Side effect of antiseptics on the skin of the staff.

According to various studies, approximately 25% of the nursing staff feel the symptoms and signs of dermatitis with localization on the skin of the hands. Skin irritation associated with the use of antiseptic soap can be due to both the antimicrobial substance that is included in its composition and other components. Leather damage also leads to a change in the composition of its microflora, increasing the frequency of colonization of staphylococci and gram-negative microorganisms.

With affordable antiseptics, alcohols are most safe, with ethyl alcohol characteristic less irritating effect than N-propyl or isopropyl alcohol. Most often, contact dermatitis is observed when using iodoform. Other antiseptics that can cause contact dermatitis: chlorhexidine, chlorxylene, triclozane and alcohol-containing means. However, the factors causing the occurrence of contact dermatitis associated with frequent hand wash can be the following: use for washing very hot water, low relative humidity (especially in winter), insufficient use of protective creams, low quality paper towels and allergies to Latex.

It is worth noting that most often the cause of contact allergies when using hand hygiene tools is flavors and preservatives, and less frequently - emulsifiers. Liquid soap, lotions and creams may contain ingredients that can cause contact allergic reactions in health workers. Alcohi-containing means for hygienic disinfection rarely become the cause of allergic dermatitis, but it is necessary to take into account that, to enhance the antimicrobial properties, alcohol-containing drugs are combined with different substances, for example, with quaternary ammonium compounds (hour), lactic acid, chlorhexidine Bigluconatte, octalidine hydrochloride.

Recently, new antiseptics in the form of gels have been offered in the market of antiseptic tools.

Due to their recipe, such drugs are suitable for antiseptic processing particularly sensitive to skin irritation.
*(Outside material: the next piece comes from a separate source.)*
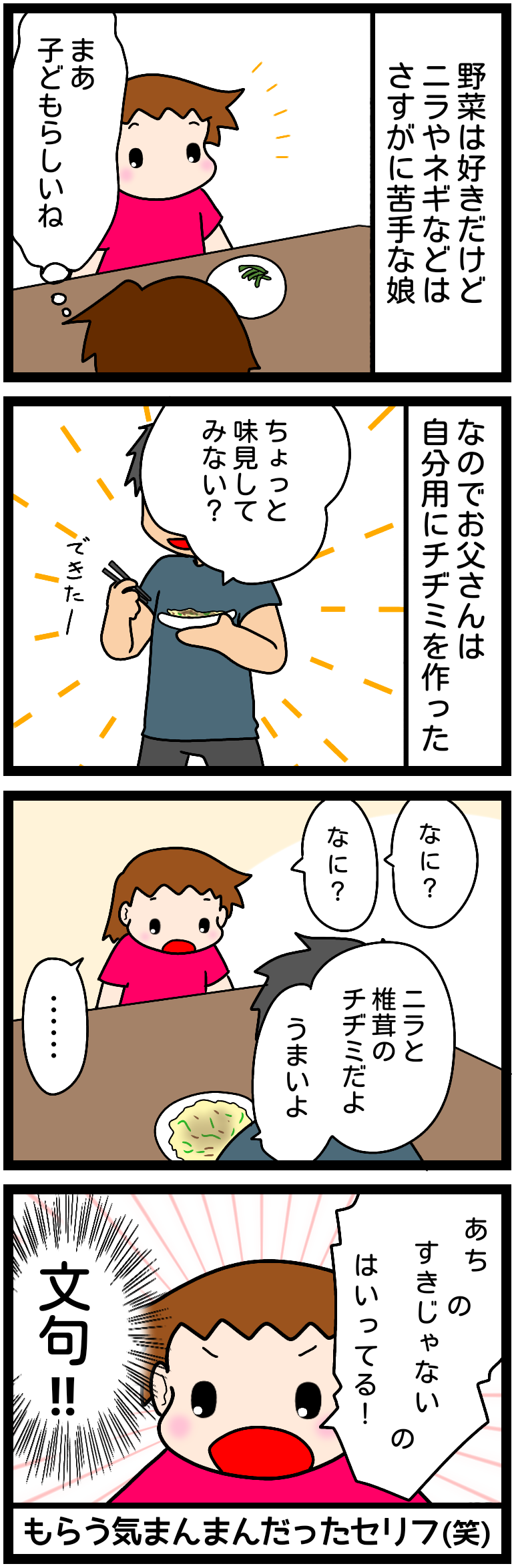 おいしそうだと思ったのに (4歳10ヶ月) 2019年06月03日 お父さんが食べてるものは分けてもらえると思ってます。でも自分が嫌いなものだったら文句言うとか(笑)お父さんも文句言われて喜んでるしね(^-^;現在、利き手を怪我して更新がゆっくりです。描けるんだけどちょっと小指と親指がつりそう(笑)すくパラダブル総選挙 ブログ部門No.6投票はこちらアナタの1票がうれしい(*´▽`*)自閉症スペクトラムと診断されるまで最初の不安健診様子見を止めた日発達相談小児心理にほんブログ村気が向いた時にポチッとして下さい(・∀・) 「4歳後半」カテゴリの最新記事 タグ :#ご飯#好き嫌い#ニラ#チヂミ#4歳#女の子#自閉症スペクトラム#発達障害 < 前の記事次の記事 > コメント コメントフォーム 名前 コメント 評価する リセット リセット 顔 星 投稿する 情報を記憶

To prevent the occurrence of contact dermatitis, it is advisable to consider the possibility of reducing the risk of their occurrence, which may include:

  • reduction of the frequency of application of irritants (especially anionic detergents);
  • replacement of funds having a strong irritating effect on those that are less irritated to the skin;
  • training of health workers to the right use of antiseptics;
  • ensuring health workers with skin care and protective creams.

Reducing the frequency of use of antiseptic treatments for hand hygiene is an unwanted strategy, given the low level of observance of the hygiene of the hands of health workers. The introduction into the practice of alcohol-containing antiseptics with softening additives allows to reduce the frequency of influence on the personnel of irritating substances (soap and detergents).

General approaches to the choice of antiseptic

The administration of the medical and prophylactic institution should take into account that, thanks to the acquisition of more efficient antiseptics, the practice of hand hygiene is improved, and therefore it is possible to prevent the emergence of nosocomial infections. The attention of all of several cases of nosocomial infections compensates for the additional expenses of the LPZ associated with the acquisition of more effective hand hygiene.

When choosing an antiseptic agent for hand hygiene, it is necessary to take into account the opinion of the staff of the compatibility of antiseptics with the skin, the frequency of irritation due to their use.

The cost of hand hygiene should not be the main factor in their choice, because low-cost disinfectants may not contain highly efficient skin care additives, warning the occurrence of allergies, irritations of skin cover.